LPACA (アルパカ) - TLS の脆弱性を狙う奇妙な名前の攻撃

Transport Layer Security (TLS) は、最近のオンラインサイバーセキュリティにおいて重要な役割を果たしています。

TLS とはデータ保護プロトコルのことで、ブラウザのアドレスバーに南京錠を表示したり (通信が SSL 化されていることを示します)、電子メールの送信時に暗号化を行ったり、サイバー犯罪者がダウンロードしたソフトウェアをマルウェアなどの悪意のあるファイルで置き換えてしまうのを防ぐのに利用されています。

TLS プロトコルは以下の仕組みによって動作します。

  • 接続先と一回限りの暗号化キーを設定することで、データを覗き見や監視から守ります。
  • 接続先サーバーの運営者や会社を確認することで、悪意を持った人物が偽のサイトを作って訪問者を騙すことを防ぎます。
  • 届いたデータの整合性をチェックすることで、ネットワーク上の他の人物が途中でコンテンツを改ざんすることを防ぎます。

TLS は非常に大きな役割を果たしていることから、脆弱性が発見されると、通常大きなニュースになります。

面白いことに、上記のような TLS への関心の高さはある種の宣伝効果をもたらしており研究者たちは発見した TLS の脆弱性に、報道の興味を引くような名前やロゴを意図的につけています。

これらの脆弱性は冗談めかして「BWAIN」と呼ばれます。これは「bug with an impressive name (印象的な名前を持つバグ)」を略した呼称で、過去には「BEAST」「Heartbleed」「Logjam」「Lucky Thirteen」などがありました。

今回の記事で取り上げる 「ALPACA」もその一例です。

攻撃の重大さに比して控えめな脅威

幸いにも、ALPACA はそれほど便利な攻撃ではなく、いくつかの簡単な方法によりサーバー上で (すなわち、間接的には訪問者に対しても) この攻撃が発生するのを防ぐことができます。ですので、現在オンラインコマースにとって明確な危険があるわけではありません。

しかしながら、ALPACA は脆弱性、より正確には脆弱性群です。このような脆弱性は、インターネット社会全体が TLS を使用するサーバーの設定時に注意深く、または厳密でなかったために発生します。

TLS 証明書の使いまわし

ALPACA は Application Layer Protocols Allowing Cross-Protocol Attacks (クロスプロトコル攻撃を可能にするアプリケーションレイヤープロトコル) の略であり (多くの BWAIN はこのような言葉遊びを含んでいます)、TLS の接続が特定のアプリケーションに結びついておらず、代わりに特定のアプリケーションや目的に制限されないトランザクション内のデータを保護するだけであることからこのような名前がついています。

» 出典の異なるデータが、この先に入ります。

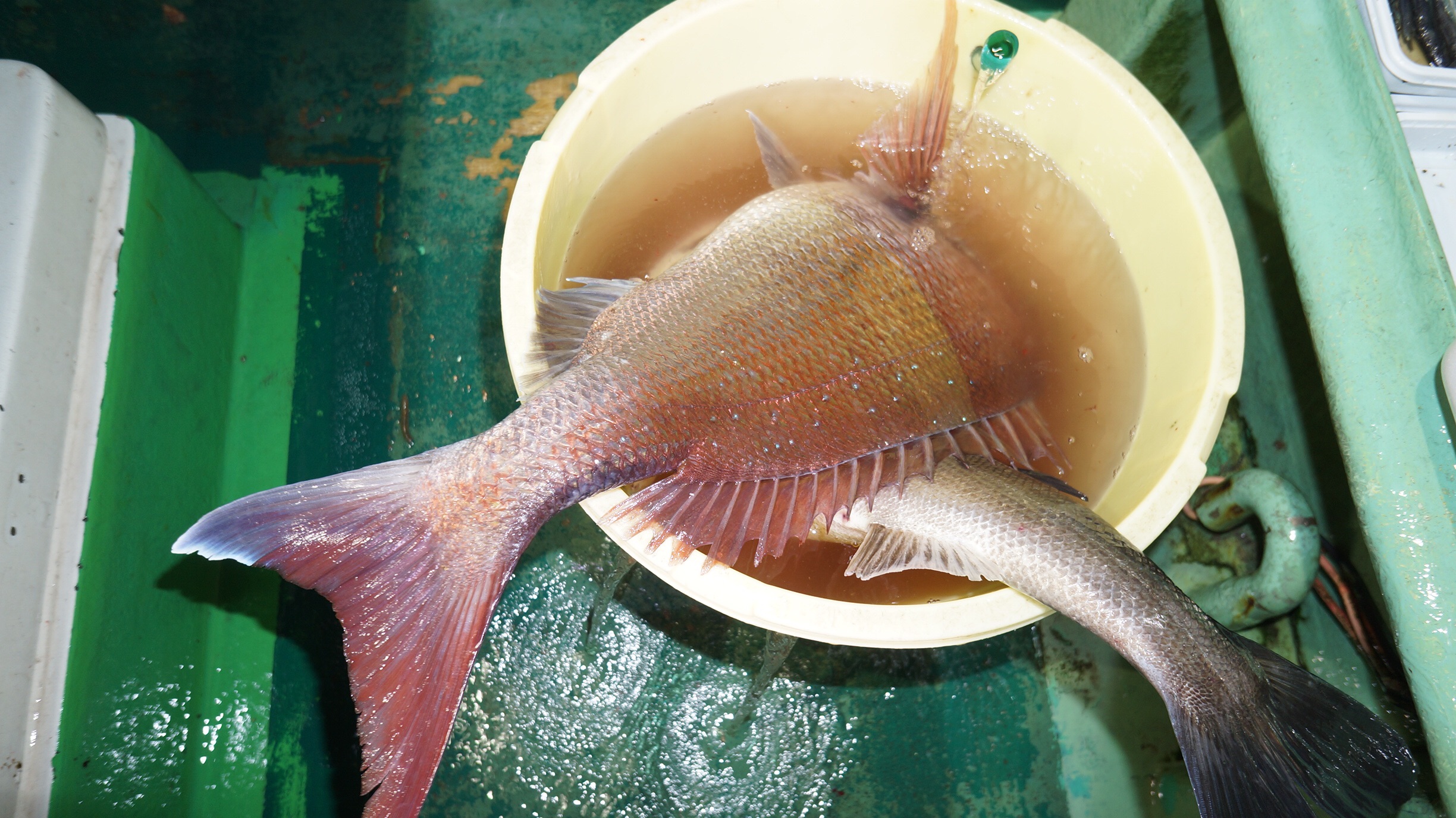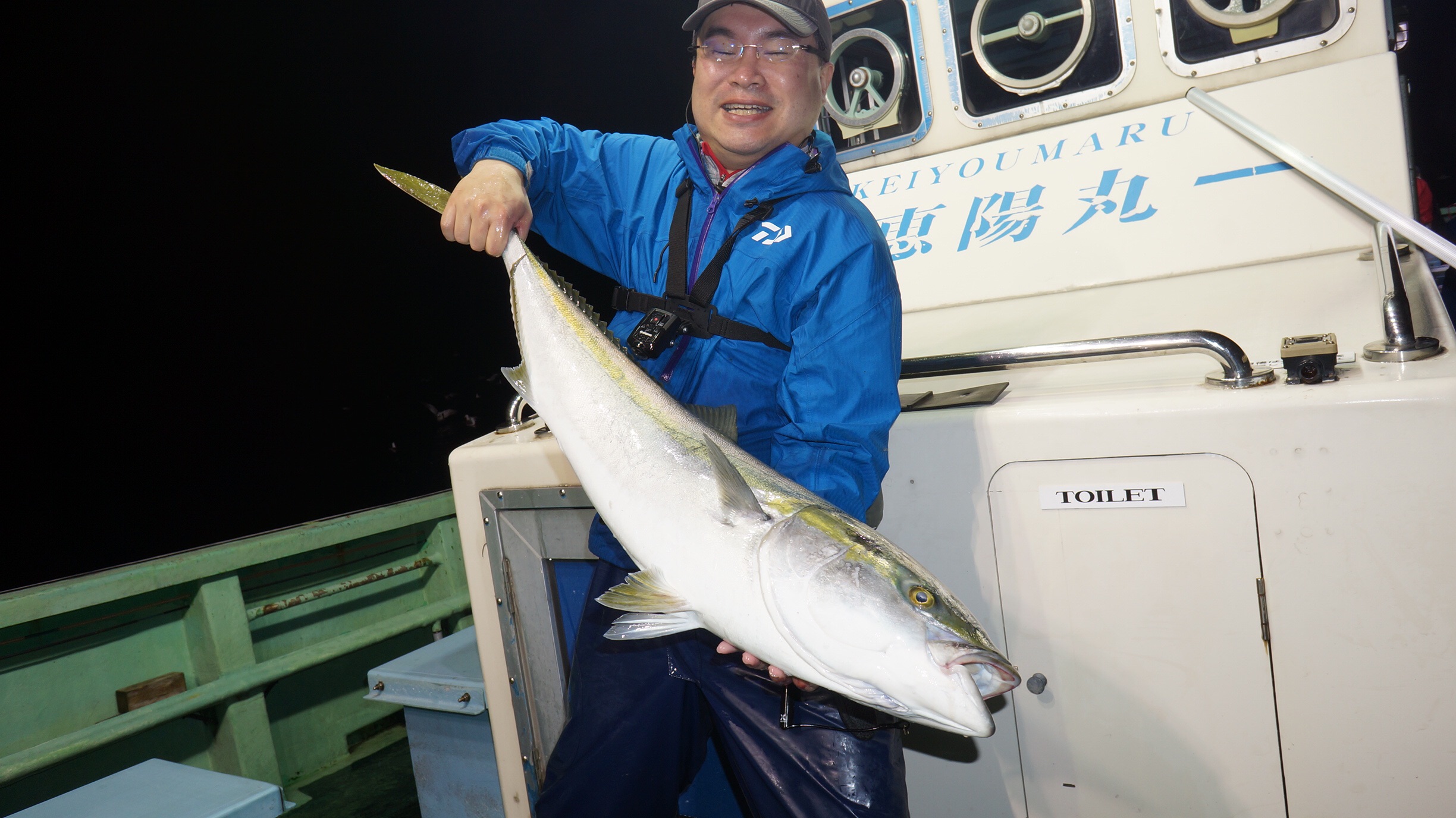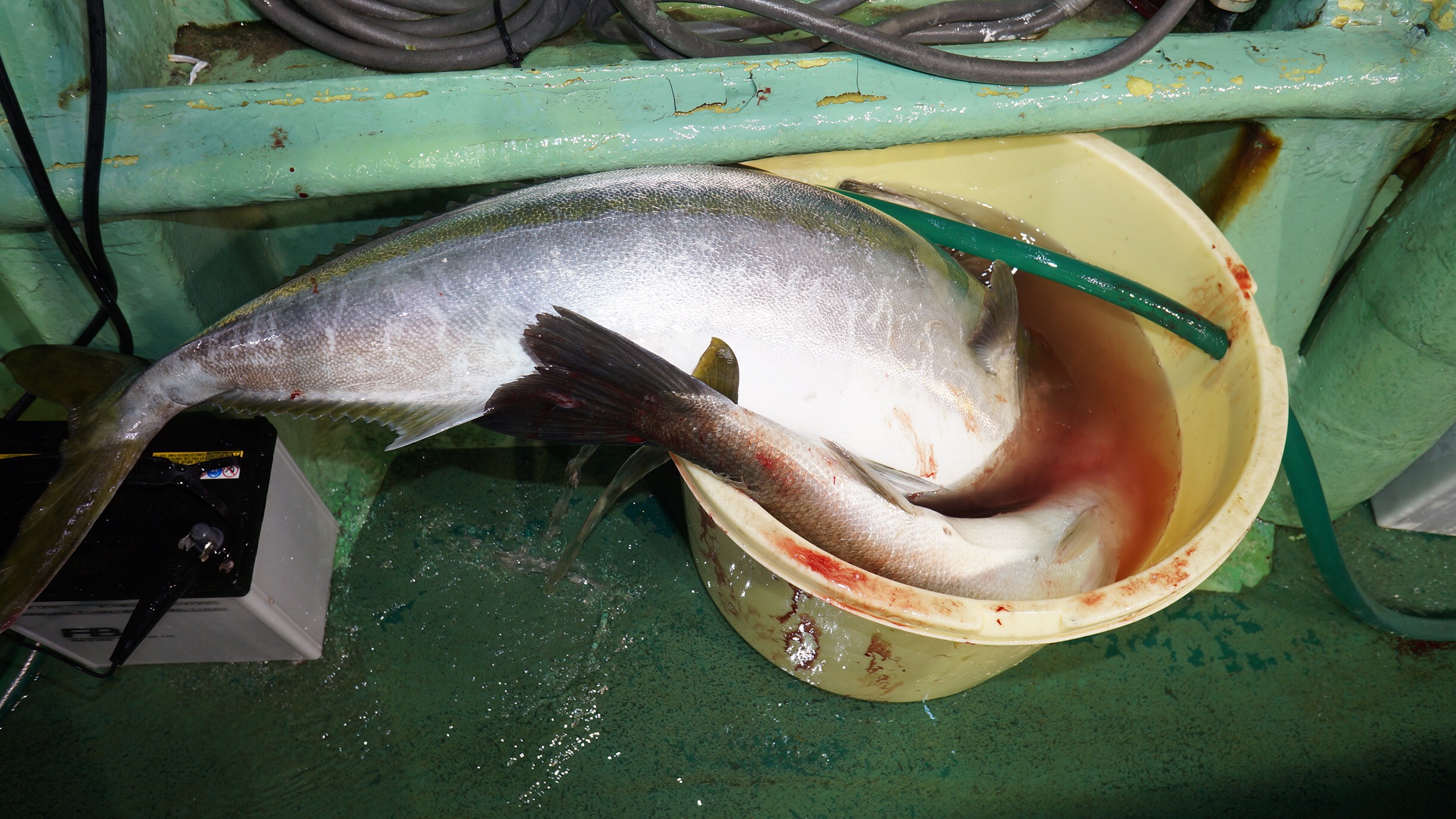本日海上穏やかだけど時々雨が降りましたが、マダイ、スズキ、ブリ、イナダ釣れました、

研究者たちは、現存する何百万ものネットワークドメインが、HTTP (Web ブラウジング) と SMTP (電子メール転送) の両方を保護するなど、複数の異なる目的のため複数のサーバーで TLS を使用しているにも関わらず、提供するサービスごとに TLS プロセスの検証部分を分離していないことが多くあることを発見しました。

言い換えると、たとえばメールサーバーを他のメールサーバーとの間で検証するために使用しているのと同じ TLS 証明書が、ブラウザを使用する訪問者に対して Web サーバーを検証するためにも使えるということです。

つまり、(一見複雑で現実味のないようなことに思えますが) たとえば攻撃者が閲覧者のブラウザを企業の Web サイトから電子メール (または secure FTP、IMAP、POP3) サーバーのうちの一つにリダイレクトさせた場合、閲覧者のブラウザはその疑わしいサーバーを代わりに信頼してしまう可能性があるということです。

攻撃者はサーバーに直接侵入できなくても、ネットワーク内でトラフィックのリダイレクトを行うことができる場合もあります。

ALPACA 攻撃は、単にサービスの中断や停止を引き起こすだけではなく、トラフィックリダイレクトを使用してネットワーク内外のセキュリティを侵害することもあります。

問題は、TLS は保護している接続を介して転送されるローデータを保護し、接続を要求されたサーバーの名前を検証する反面、リンクの両端で実行されている実際のアプリケーションを正式に検証したり、交換されているデータの信頼性を判断しないことです。

つまり、ALPACA 攻撃では、ブラウザのアドレスバーに南京錠マークが表示されるので、訪問者は本来意図したサーバーに接続されていないことに気づかないまま、ブラウザがネットワーク上の別のサーバーを信頼して通信を開始するのです。

問題点

しかし、ブラウザが用いるプロトコルは HTTP である一方、メールサーバーが用いるのは SMTP です。この 2 つには互換性がなく、一見ブラウザにエラーメッセージが表示されるだけで済むように思われるかもしれません。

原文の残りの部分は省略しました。